*The data:*
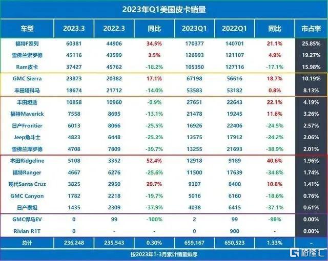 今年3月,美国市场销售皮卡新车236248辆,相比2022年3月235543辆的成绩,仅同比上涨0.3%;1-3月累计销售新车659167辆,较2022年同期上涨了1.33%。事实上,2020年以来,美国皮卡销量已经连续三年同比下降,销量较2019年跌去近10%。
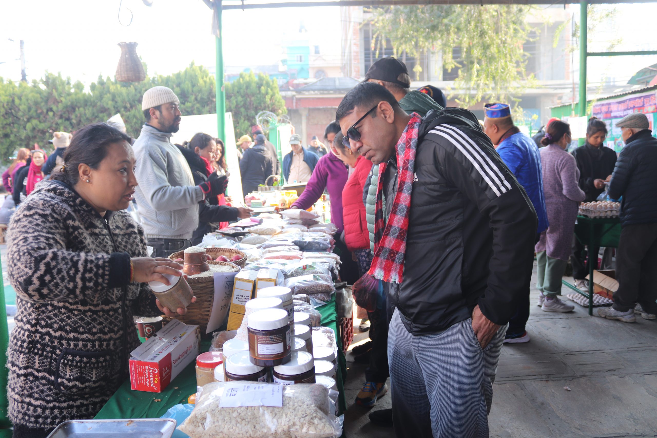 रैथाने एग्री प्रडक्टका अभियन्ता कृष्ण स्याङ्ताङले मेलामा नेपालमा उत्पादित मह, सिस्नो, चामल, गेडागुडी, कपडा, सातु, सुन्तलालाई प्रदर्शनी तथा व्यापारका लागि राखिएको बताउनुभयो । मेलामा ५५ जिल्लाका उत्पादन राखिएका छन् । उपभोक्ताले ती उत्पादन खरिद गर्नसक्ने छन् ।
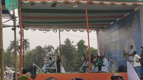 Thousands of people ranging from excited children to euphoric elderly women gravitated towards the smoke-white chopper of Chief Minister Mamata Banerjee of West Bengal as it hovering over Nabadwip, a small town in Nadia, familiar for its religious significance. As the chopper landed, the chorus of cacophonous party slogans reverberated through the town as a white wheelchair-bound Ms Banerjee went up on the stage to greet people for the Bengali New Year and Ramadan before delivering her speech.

*Problem:* I'd like the data above duplicated exactly, with no pictures included.

*Answer section:*
 今年3月,美国市场销售皮卡新车236248辆,相比2022年3月235543辆的成绩,仅同比上涨0.3%;1-3月累计销售新车659167辆,较2022年同期上涨了1.33%。事实上,2020年以来,美国皮卡销量已经连续三年同比下降,销量较2019年跌去近10%。
 रैथाने एग्री प्रडक्टका अभियन्ता कृष्ण स्याङ्ताङले मेलामा नेपालमा उत्पादित मह, सिस्नो, चामल, गेडागुडी, कपडा, सातु, सुन्तलालाई प्रदर्शनी तथा व्यापारका लागि राखिएको बताउनुभयो । मेलामा ५५ जिल्लाका उत्पादन राखिएका छन् । उपभोक्ताले ती उत्पादन खरिद गर्नसक्ने छन् ।
 Thousands of people ranging from excited children to euphoric elderly women gravitated towards the smoke-white chopper of Chief Minister Mamata Banerjee of West Bengal as it hovering over Nabadwip, a small town in Nadia, familiar for its religious significance. As the chopper landed, the chorus of cacophonous party slogans reverberated through the town as a white wheelchair-bound Ms Banerjee went up on the stage to greet people for the Bengali New Year and Ramadan before delivering her speech.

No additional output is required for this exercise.